(Stored records)
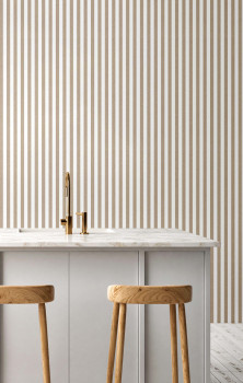 Wallpaper with a vinyl surface, imitation of striped fabric in brown and white tones.
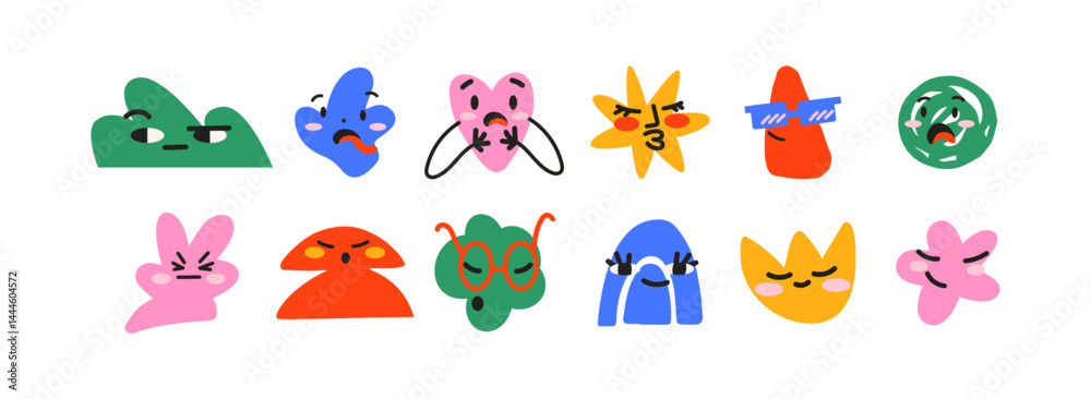 Abstract cartoon faces in retro cartoon style. Funny doodle characters with emotions: anger, surprise, sadness, joy. Colorful expressive shapes with facial expressions. Funky doodle mascots characters #1444604572
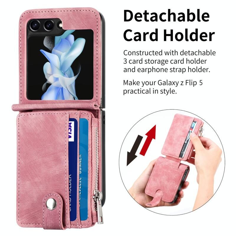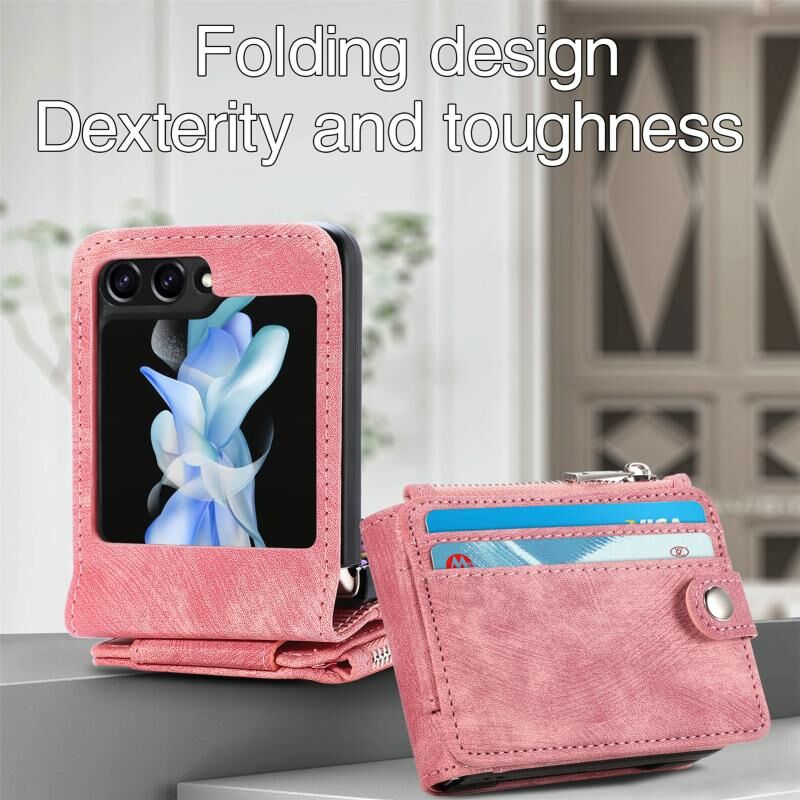 2. Λειτουργία πορτοφολιού με φερμουάρ: Η δερμάτινη θήκη είναι εξοπλισμένη με υποδοχές για κάρτες και ένα μικρό ποσό μετρητών.
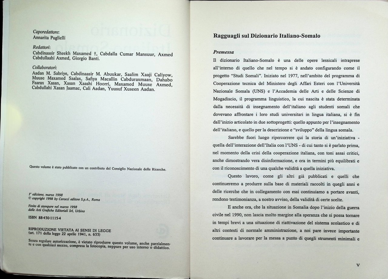 Dizionario Italiano Somalo Libro Puglielli Carocci 8843011154 Prima Edizione
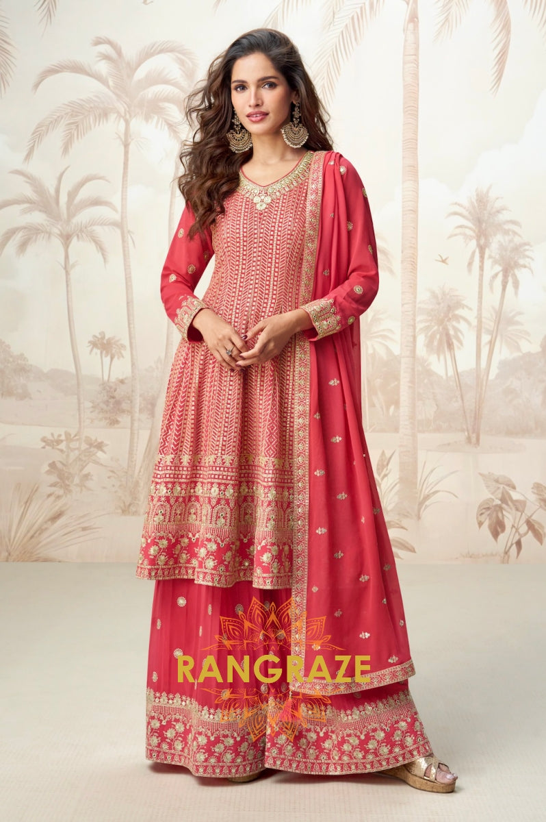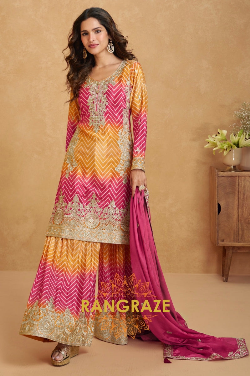 Make a bold festive statement with this radiant Pink & Orange Chevron Embroidered Sharara Suit...
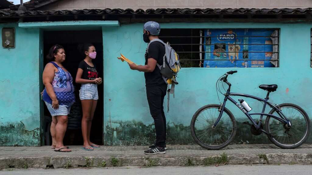 Suemily Alves, de 11 años, recibe las tareas gracias a Arthur, que cumple su misión en breves encuentros debido al coronavirus.

_WHAT THIS TASK INVOLVES_
Precisely the lines from the one containing "Make a bold" to the end of the data above, both included, should be printed; leave the pictures out.

_SOLUTION TO THIS PROBLEM_
 Make a bold festive statement with this radiant Pink & Orange Chevron Embroidered Sharara Suit...
 Suemily Alves, de 11 años, recibe las tareas gracias a Arthur, que cumple su misión en breves encuentros debido al coronavirus.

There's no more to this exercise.